* _Task inputs_:
--- START ---
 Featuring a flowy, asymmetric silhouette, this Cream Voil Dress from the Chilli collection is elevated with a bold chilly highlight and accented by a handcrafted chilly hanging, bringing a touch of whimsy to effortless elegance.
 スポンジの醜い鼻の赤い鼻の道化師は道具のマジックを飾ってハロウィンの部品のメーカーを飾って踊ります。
--- END ---
--- START ---
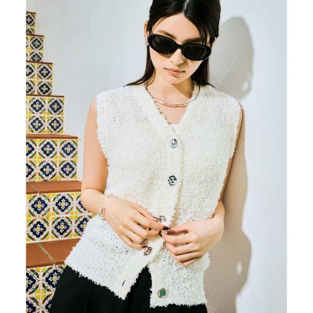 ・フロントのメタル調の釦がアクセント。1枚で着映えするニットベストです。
--- END ---
* _Activity_: Once you reach the line with "Featuring a flowy, asymmetric" in the data above, copy it and every line after it exactly, up to and including the line with "スポンジの醜い鼻の赤い鼻の道".

* _Worked solution_:
 Featuring a flowy, asymmetric silhouette, this Cream Voil Dress from the Chilli collection is elevated with a bold chilly highlight and accented by a handcrafted chilly hanging, bringing a touch of whimsy to effortless elegance.
 スポンジの醜い鼻の赤い鼻の道化師は道具のマジックを飾ってハロウィンの部品のメーカーを飾って踊ります。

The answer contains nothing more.